A figure skater pushes off from rest and glides along a circular path, the radius of which is 3 times her height. What must be her minimum initial velocity in order to come full circle without having to push off a second time?
I have no idea. It depends on friction. Where did you get this question?
The question is a real-life question.
In that case it depends on a lot of things, mainly:
The temperature of the ice. Skates move easily over the ice because they melt a tiny film of slippery water under the blade. If the ice is very cold, the skate will have to be very, very sharp to work efficiently. On the other hand you do not want mushy ice because then you get a lot of drag. You want the skate to cut in enough to provide the necessary side force for centripetal acceleration toward the center of the turn. this is the mass of the skater m times v^2/R where v is the forward speed and R is the turn radius.
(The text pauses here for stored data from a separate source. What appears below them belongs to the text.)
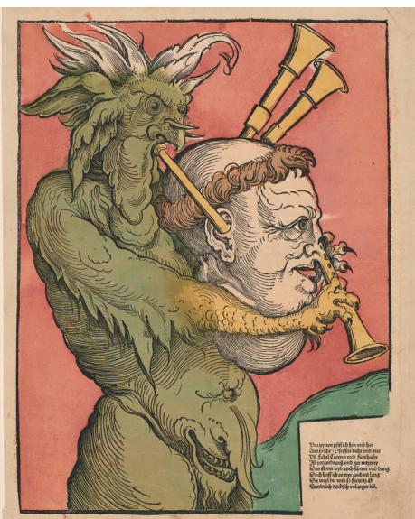
Erhard Schön (zugeschrieben), Des Teufels Sackpfeife, um 1530-1535 [als Faksimile in der Ausstellung]
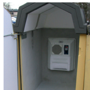
För restauranger kan skåpet erhållas med kylaggregat 230V. Skåpet förses då med dörrtätning och isolerat tak.
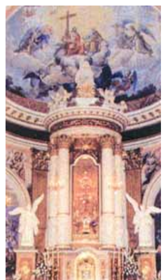
Interior de la parroquia de Almácer
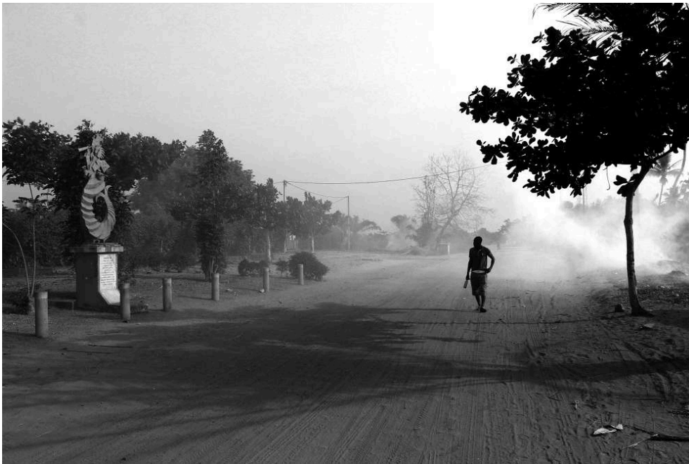
Figure 7. La Route de l'Esclave (Ouidah, 2017).

La photographie illustre le rapport d'échelle entre l'individu et la sculpture.
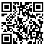
本校『プラスシード』の トップページQRコード
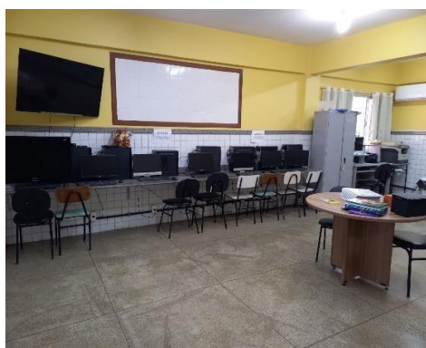
SALA DE CONVIVÊNCIA
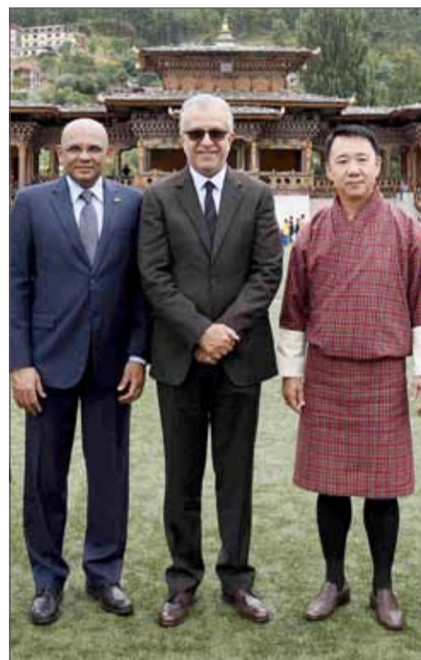
رئيس الاتحاد الآسيوي مع رئيس اتحاد بونان في زيارته الأخيرة
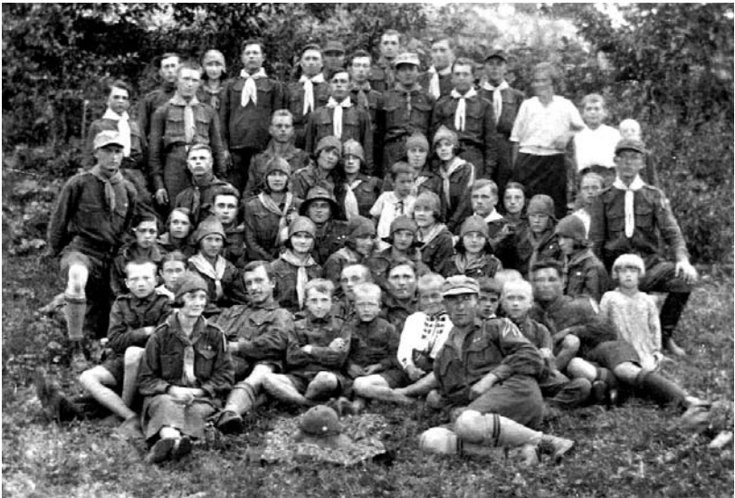
Тучинські пластуни.

If the ice is too hard or the skate too dull, there will be slipping and loss of speed. In the end the skater must have enough kinetic energy (1/2)mv^2 at the start of the turn to overcome the friction loss during the turn. which is the retding friction force times the distance which for a full turn is 2 pi R
To determine the minimum initial velocity required for the skater to come full circle without pushing off a second time, we need to consider the centripetal force and the gravitational force acting on the skater.
In circular motion, the centripetal force is provided by the net inward force toward the center of the circle, which in this case is the frictional force between the skater's blades and the ice. The gravitational force acts vertically downward.
In order to come full circle without pushing off a second time, the centripetal force must be equal to or greater than the gravitational force, to prevent the skater from falling off the circular path.
Let's break down the solution step by step:
1. We know the radius of the circular path is 3 times the skater's height. Let's denote the skater's height as h.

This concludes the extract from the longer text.